Читаем Плексус полностью

Ближе к концу вечера мать, словно собираясь сказать: «Пора спуститься на землю!» – спрашивала, посерьезнев, не думаю ли я, что разумней бросить писательство и поискать работу. «У тебя было такое замечательное место в… Как ты только мог уйти оттуда? Нужны годы, чтобы стать хорошим писателем, а ведь может еще ничего не получиться». И так далее и тому подобное. Это было невыносимо. Родитель, напротив, всегда делал вид, что верит в мою способность блестяще справиться со всеми трудностями. «Дай только время, и все образуется!» – говорил он ей. На что мать возражала: «А на что они будут жить сейчас?» Тут вступал я: «Не беспокойся, мама, я умею зарабатывать. Ты же знаешь, у меня есть голова на плечах. Ведь не думаешь ты, что мы собираемся голодать, правда?» И все равно мать считала – и повторяла это снова и снова, словно разговаривая сама с собой, – что все-таки разумней было бы устроиться на работу, а сочинять в свободное время. «Ну, глядя на них, ведь не скажешь, что они голодают?» Это был отцовский способ сказать мне, что, если мы действительно голодаем, все, что мне только нужно сделать, – это зайти к нему в ателье, и он поможет, чем может. Мы оба это понимали. Я молча благодарил его, а он молча принимал благодарность. Разумеется, я никогда не заходил к нему. Во всяком случае, чтобы просить денег. Время от времени я неожиданно заявлялся к нему, просто чтобы поднять ему настроение. Даже когда он понимал, что я привираю – а я плел что-то совершенно невероятное, – он не подавал виду. «Потрясающе! Уверен, дела у тебя пойдут еще лучше». Иногда, уходя от него, я не мог сдержать слез. Так хотелось поддержать его. Он сидел в задней комнате своего ателье – законченный неудачник, чье дело полетело ко всем чертям, но который все равно не унывал, все равно был полон оптимизма. Вероятно, последний заказчик появлялся у него несколько месяцев назад, и все равно он оставался хозяином ателье, «боссом». Какая ирония! «Да, – говорил я себе, шагая по улице, – с первого же гонорара принесу ему несколько зеленых». После чего сам преисполнялся оптимизма, лелея безумную надежду, что какой-нибудь редактор проникнется ко мне симпатией и подпишет чек авансом на пятьсот или тысячу долларов. К тому времени, как я добирался до дому, я был готов довольствоваться пятеркой. По правде говоря, я бы согласился на что угодно: лишний обед, марки для конверта, даже на шнурки для ботинок.
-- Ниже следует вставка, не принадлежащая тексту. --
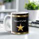 Nobler Angestellter der Monatskaffee-Tassen einschließlich einen Gold farbigen Stern und eine geometrische Linie Entwurfselement zusammen mit Text-Vorlagen, die Sie besonders anfertigen können. Entwarf, hervorragende Leistung und Produktivität bei der Arbeit zu vergüten. Entwurf wird auf beiden Seiten von der Kaffeetasse für die rechten oder linkshändigen Trinker angezeigt.

«Сегодня была почта?» – с этим неизменным вопросом я входил в дом. Если меня ждал пухлый пакет, я знал, что это из путешествия по редакциям вернулась моя рукопись. Тонкий конверт – значит, записка с отказом и просьбой оплатить почтовые расходы, если хочу получить рукопись обратно. Или же это были счета. Или письмо от адвоката, отправленное по какому-то из старых адресов и сверхъестественным образом нашедшее меня.

Задолженность по алиментам росла. Я никогда не смогу выплатить их, никогда. Больше, чем всегда, мне было ясно, что я закончу свои дни в тюрьме на Реймонд-стрит.

«Что-нибудь да подвернется, вот увидишь».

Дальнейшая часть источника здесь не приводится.